##### TASK DATA #####
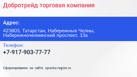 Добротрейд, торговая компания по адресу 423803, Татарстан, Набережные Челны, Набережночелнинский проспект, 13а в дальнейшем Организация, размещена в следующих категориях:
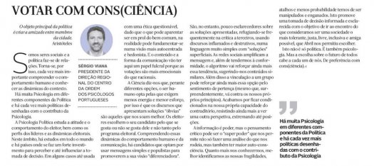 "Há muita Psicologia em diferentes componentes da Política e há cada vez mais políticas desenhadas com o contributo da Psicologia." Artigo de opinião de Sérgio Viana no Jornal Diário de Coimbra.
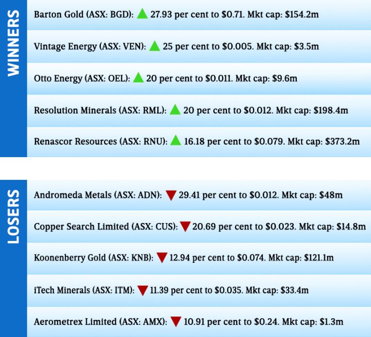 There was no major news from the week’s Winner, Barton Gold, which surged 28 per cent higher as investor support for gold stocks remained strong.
#####
##### TASK DATA #####
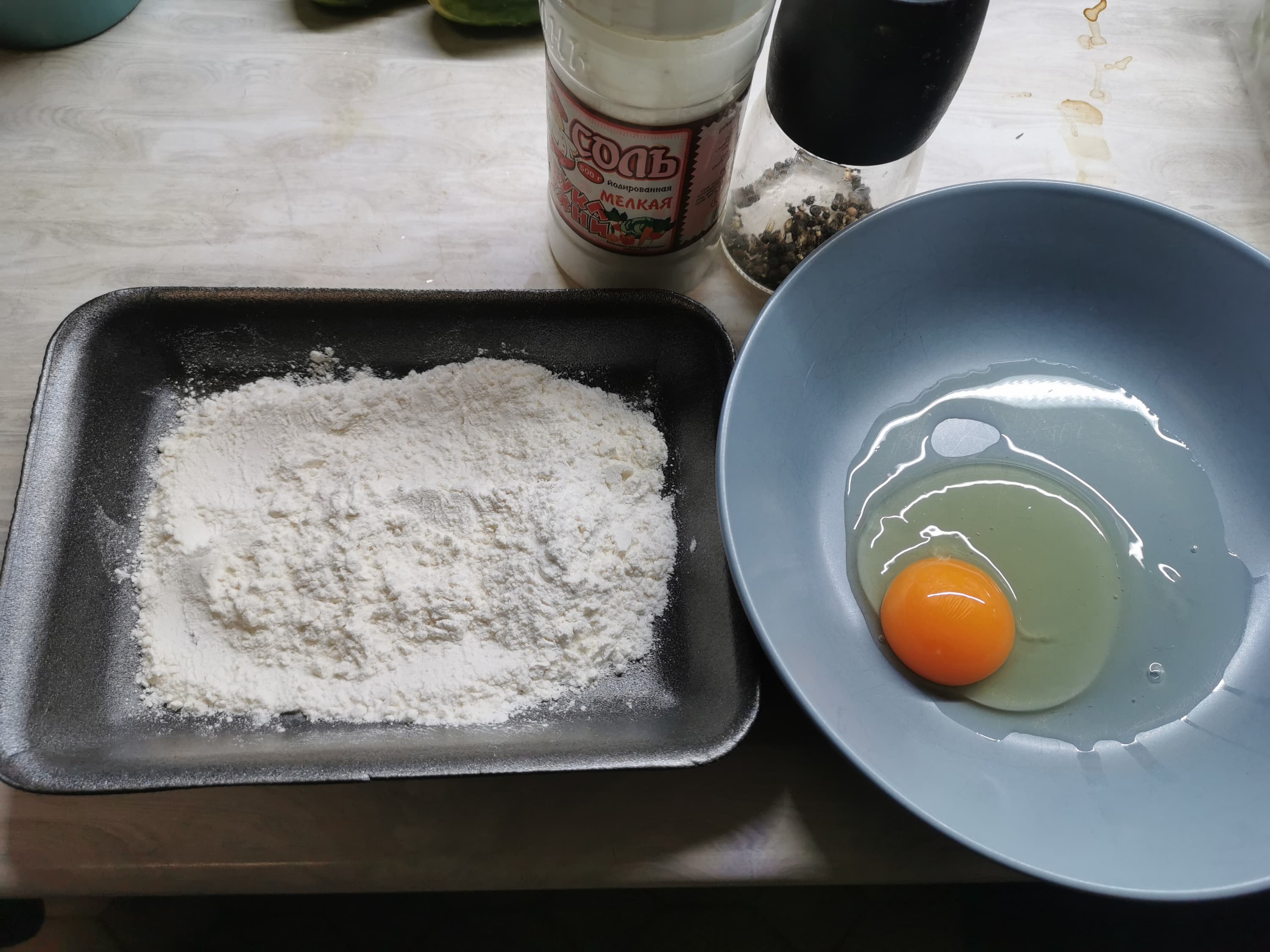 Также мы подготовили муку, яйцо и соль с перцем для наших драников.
#####
##### TASK DATA #####
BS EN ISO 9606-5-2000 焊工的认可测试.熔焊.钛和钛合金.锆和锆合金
#####
Reproduce the lines above beginning at the line that contains "Добротрейд, торговая компания" and ending at the line that contains "There was no". No pictures.

 Добротрейд, торговая компания по адресу 423803, Татарстан, Набережные Челны, Набережночелнинский проспект, 13а в дальнейшем Организация, размещена в следующих категориях:
 "Há muita Psicologia em diferentes componentes da Política e há cada vez mais políticas desenhadas com o contributo da Psicologia." Artigo de opinião de Sérgio Viana no Jornal Diário de Coimbra.
 There was no major news from the week’s Winner, Barton Gold, which surged 28 per cent higher as investor support for gold stocks remained strong.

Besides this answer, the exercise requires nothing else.